あのベアキャットの性能を少しでも引き出せるように…」
「ふむ。素晴らしい。流石だな。」
葉巻をくゆらせ、ご機嫌悪からぬハルゼー。
(ああん?提督はあんな肺活量一杯に葉巻を…。
肺癌になっても仕方ないね。)
などと思いつつヘリントンは、サシでハルゼーに報告と雑談をした流れで、艦隊司令部幕僚達のミーティングに参加することとなる。

カーニー参謀長がその場を仕切る。
「まずは、日本機動部隊の勢力と動きですが、情報で把握できる限りの新造艦の情報と、新鋭機の配備状況等から見ますに…。

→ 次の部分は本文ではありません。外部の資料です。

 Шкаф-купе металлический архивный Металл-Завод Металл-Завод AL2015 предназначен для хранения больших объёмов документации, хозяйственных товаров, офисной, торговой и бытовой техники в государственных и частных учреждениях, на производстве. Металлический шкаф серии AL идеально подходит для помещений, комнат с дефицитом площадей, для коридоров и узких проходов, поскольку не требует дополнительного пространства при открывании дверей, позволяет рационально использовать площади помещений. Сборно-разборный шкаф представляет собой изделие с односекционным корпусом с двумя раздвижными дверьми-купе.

」
まずは、日本連合艦隊におけるそれの裏返しのような説明が入る。
「艦載機だけでも優に2倍強。」
「敵のマリアナ基地航空隊は、こちらのBー29を決戦に合わせ大量投入出来る。」
「厄介な新鋭ゼロも、奴らの工業力では手に余り、完全に前線分の更新とはいかないようだ。つまり奴らさえ抑えれば。」
「このモンタナ級2隻と併せて、我が方の圧勝だな。」
ははは…。

…?
珍しく黙って、我らがハルゼー閣下が腕組みをして考えこんでいる。
「提督、なにやら懸念がお有りですか?」
「うむ…。パールハーバーでも、前回海戦でも、奴らは空母機動部隊の集中運用という新たな戦術で、我が方に痛撃を与えた…。

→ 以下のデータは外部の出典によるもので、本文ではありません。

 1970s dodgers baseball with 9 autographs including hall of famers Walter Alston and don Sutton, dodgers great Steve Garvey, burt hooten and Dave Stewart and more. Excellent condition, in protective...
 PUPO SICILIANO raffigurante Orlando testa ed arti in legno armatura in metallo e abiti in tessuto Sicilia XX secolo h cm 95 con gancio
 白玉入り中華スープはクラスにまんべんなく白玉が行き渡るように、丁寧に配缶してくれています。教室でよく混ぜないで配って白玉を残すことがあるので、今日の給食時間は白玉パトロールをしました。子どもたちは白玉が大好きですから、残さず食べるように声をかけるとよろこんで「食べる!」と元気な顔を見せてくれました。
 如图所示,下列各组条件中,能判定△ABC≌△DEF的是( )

一見そう見せて、最終的には水雷戦隊、そして戦艦部隊による砲撃戦…。
なにやら結局、我々もジャップも同様のドクトリンとして一種共有していたクラシカルな艦隊決戦の概念をなぞっているように思える。」
「確かに…言われてみれば…。」
と言う事は今回も航空兵力以外のの切り札が?
「が、いくらこちらの通商破壊が効いているとは言え、今回配備確実と見られていた、大和級3番艦が確認されていない。

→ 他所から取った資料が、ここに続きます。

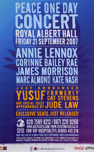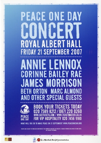 | Performance Notes | Peace One Day call for and work towards a day of ceasefire and non-violence globally. The concert was to raise awareness, which in turn creates action and action save lives. As well as being a musical celebration of peace, the events was an opportunity to thank all their supporters, highlight the extraordinary global Peace Day activities and promote the coming year. Peace One Day began as a film project founded by British filmmaker Jeremy Gilley in 1999 to establish the first ever annual day of global ceasefire and non-violence. In 2001 the Day was unanimously adopted by UN member states as 21 September annually - Peace Day. In 2007 over 100 million people were active on Peace Day, in 192 countries. There were life-saving initiatives in 14 countries, and over 80 activities in Afghanistan alone where 1.4 million children were vaccinated against polio.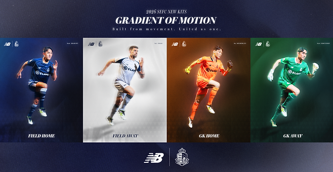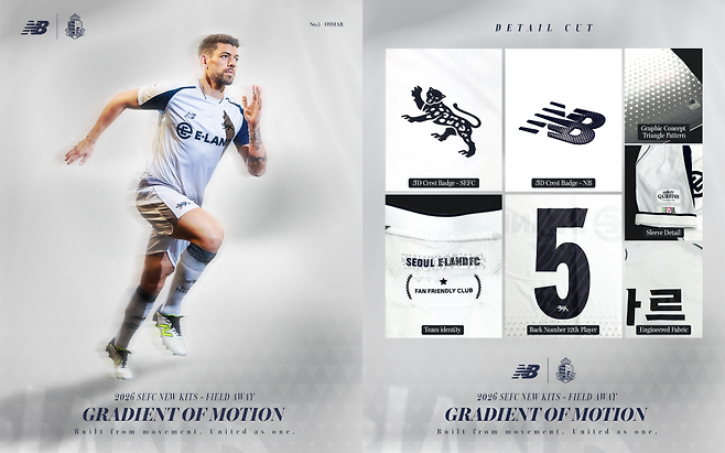 서울 이랜드 FC가 뉴발란스와 함께한 오는 2026시즌 유니폼 'GRADIENT OF MOTION(움직임의 흐름)'을 공개했다.

もし艦隊決戦を望むなら、奴らは万難排しても建造を間に合わせた筈。
正規空母も、2.3隻と言わずもう少し上乗せ出来たと思うんだが。」
カーニーら幕僚達も考え込んでしまう。
彼らは中国戦線から徴兵した熟練工等を少なからず本土に戻してまで、後方の生産支援体制を強化している。
その気になればもっと主力艦の質も量も…。
「無論、疑心暗鬼になって腰が引けちまうのは俺様の流儀ではない。
それならそれで、マリアナの基地航空隊ごと容赦無く、速攻で正面から粉砕するまでだ。
が、諸君は、動き続ける状況からあらゆる可能性を考え続けてくれ!」

イエスサー!!

まぁ、これらの分析もレイ…現在機能回復訓練中のスプルーアンスの受け売りなんだがな…。